38. It may be that Section 26 was framed at a time when medical issues, like many others, appeared much simpler than they do now. Medical expertise, like so much else, has become fragmented into smaller fields of infinitely greater focus. For example, in the present case the effect of the section appears to be that if the coroner decides to summon a pathologist then he cannot, except in the special circumstances outlined in Section 26, also summon an expert in vaccination. If he were able to summon both these practitioners, he would be precluded from calling the obstetrician who delivered the child and might have significant evidence to give as to his state at or shortly after birth.

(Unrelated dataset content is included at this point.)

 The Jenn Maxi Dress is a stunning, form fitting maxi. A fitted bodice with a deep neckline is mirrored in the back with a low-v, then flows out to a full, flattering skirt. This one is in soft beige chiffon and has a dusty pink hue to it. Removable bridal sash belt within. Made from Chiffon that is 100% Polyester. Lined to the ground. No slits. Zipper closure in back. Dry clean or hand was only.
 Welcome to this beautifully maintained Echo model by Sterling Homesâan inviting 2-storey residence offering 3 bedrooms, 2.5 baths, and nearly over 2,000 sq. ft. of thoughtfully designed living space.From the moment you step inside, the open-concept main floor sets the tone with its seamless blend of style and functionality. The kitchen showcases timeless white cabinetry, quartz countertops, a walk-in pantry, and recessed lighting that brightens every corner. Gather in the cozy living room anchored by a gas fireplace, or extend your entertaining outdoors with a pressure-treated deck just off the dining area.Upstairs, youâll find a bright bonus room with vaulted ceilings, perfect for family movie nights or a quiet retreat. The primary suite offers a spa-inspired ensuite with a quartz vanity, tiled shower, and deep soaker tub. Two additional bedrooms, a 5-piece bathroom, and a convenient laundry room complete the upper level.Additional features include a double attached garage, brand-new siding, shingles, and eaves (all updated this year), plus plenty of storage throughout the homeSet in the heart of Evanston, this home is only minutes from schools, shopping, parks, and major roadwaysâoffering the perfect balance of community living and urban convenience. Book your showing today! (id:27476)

39. It might be thought that Section 26 evidences a general intention on the part of the legislature to limit, in the interests of economy or otherwise, the amount of evidence that can be given. But this seems inconsistent with the power to make recommendations of a general kind and with the necessity to summon a jury if “the death of the deceased occurred in circumstances the continuance or possible recurrence of which would be prejudicial to the health or safety of the public or any section of the public”.

The apprehensions of the Health Board

40. In his judgement in this case the learned trial judge referred to the jury’s power to make general recommendations and added:-

      “The Health Board makes no secret of the fact that it is afraid that a misguided jury could make a recommendation not warranted on the evidence but which could be extremely damaging to public confidence in the vaccine practices”.
41. In my opinion this apprehension is an inappropriate one both in law and on the basis of practical experience.

42. Firstly, the scheme of a Coroner’s Act is clearly one which envisages the consideration by a jury of circumstances of possible prejudice to the health or safety to the public or any section thereof. That such circumstances can extend to medical misadventure is illustrated by the terms of Section 18(4) which envisage the reporting of a death “in such circumstances as may require investigation (including death as a result of the administration of an anaesthetic)”. The acknowledged general purposes of a coroner’s inquest, set out above, tend to emphasise, inter alia, the role of an inquest in allaying public disquiet and drawing attention to circumstances which, if unremedied, might lead to further deaths, as well as to the advancement of public knowledge.

43. Secondly, it does not seem to me unreasonable that a jury should be involved in this exercise. Especially in a time when decisions in many areas are taken by professional and administrative elites whose ability to communicate meaningfully with the general public is sometimes questionable, the basis on which the Oireachtas have elected to involve a jury in matters such as those under discussion in this case, seems both clear and justifiable. Moreover, there is nothing in the history of the discharge by juries of the duties assigned to them to suggest that there is any basis for a genuine apprehension that a jury would proceed on a basis not warranted by the evidence. The apprehension itself, in my view, is wholly unwarranted by evidence or experience.

44. S26 is in my view, in contemporary conditions, a serious obstacle to the proper discharge of the statutory duty of a coroner in the more complex type of inquest, whether he or she is sitting alone or with a jury. If a coroner feels that the question of “how the death occurred” cannot be answered without further evidence, it seems remarkable that he cannot obtain it.

Conclusion

45. I conclude that the vires of the coroner do not extend to the reception of the evidence of Dr. Butler or any other medical practitioner with a view to considering whether the three in one injection caused or contributed to the death of the deceased. On this narrow ground I would dismiss the appeal.